Because, as Stephanie reports, it just ran out of fuel. How does that happen?
Happened to me on the 50 once -- luckily only a few blocks from Forest Hills.
And notice the wide space between the bus and the curb at the bus stop. Had the driver pulled up to the stop like they're supposed to, a lane of traffic wouldn't be blocked by the bus. This is all sounding familiar...
To be specific, the driver has stopped just to the left of their clearly marked bus stop space. I commute daily on the 66, and this is a constant problem, in many cases (like this one) without even the excuse that they are blocked in some way from pulling up to the curb.

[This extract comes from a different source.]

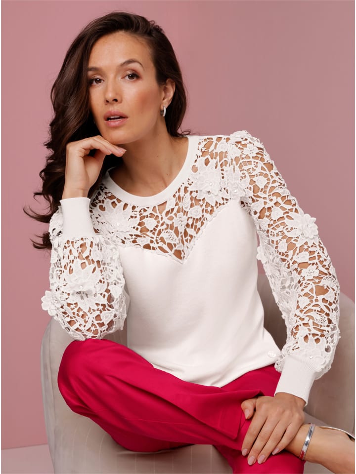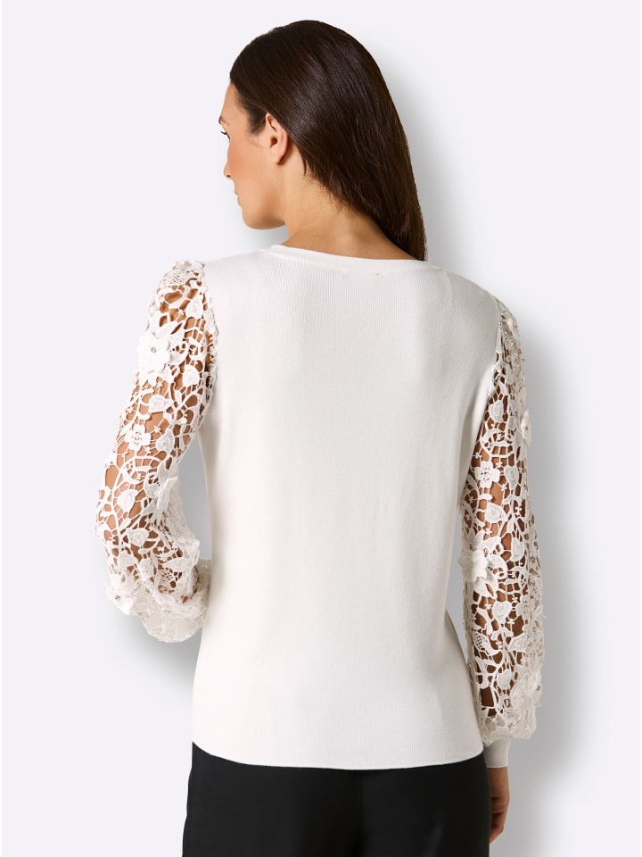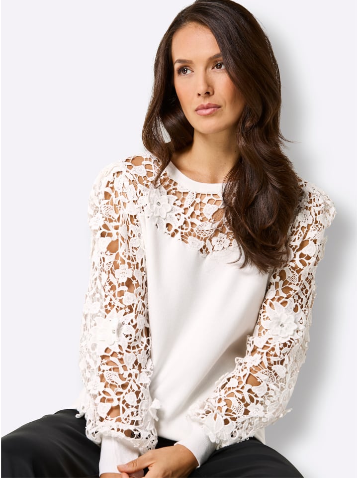 Пуловер из лиоцелла и вискозы. Цветочное кружево на вырезе в форме сердечка и на рукавах превращает эту модель в настоящую летнюю мечту. Украшен сверкающими стразами. Длинные кружевные рукава слегка расклешенной формы со складками на плечах и высокими ребристыми манжетами. Перламутровый логотип-подвеска. Удивительно мягкий состав.
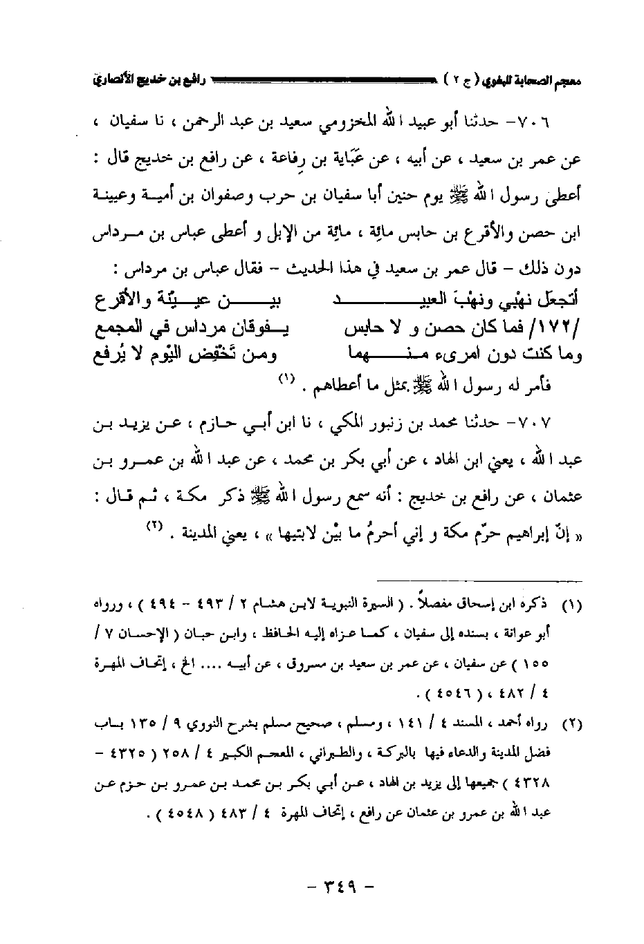 ٧٠٦ - حدثنا أبو عبيد الله المخزومي سعيد بن عبد الرحمن نا سفيان عن عمر بن سعيد عن أبيه عن عباية بن رفاعة عن رافع بن خديج قال: أعطى رسول الله صلى الله عليه وسلم يوم حنين أبا سفيان بن حرب وصفوان بن أمية وعيينة بن حصن والأقرع بن حابس مائة، مائة من الإبل وأعطى عباس بن مرداس دون ذلك قال عمر بن سعيد في هذا الحديث فقال عباس بن مرداس:

BTW, I have many times seen bicyclists pass buses that are stopped this far from the curb on the right, even as the buses are discharging passengers - a confluence of two evil and illegal behaviors. (Yes, yes, I know - it's LEEEGALLL for bicyclists to pass traffic on the right, apparently even when it's dangerous in every way to do so. This past Monday morning I watched a cyclist squeeze between my bus, stopped at a light, and the parked lane of cars, through a space so narrow he couldn't actually pedal the bike - he was touching both the bus and the car as he eked his way through. But is it legal for ANY vehicle of ANY kind to pass a streetcar or bus on the right while it's discharging and taking on passengers? I don't think so...)
It's easy to run out of gas when it's the 66, it spends more time idling in traffic then it does actually moving.
I know that the RTS buses do not have fuel gauges, and it is quite likely that the NABIs don't either.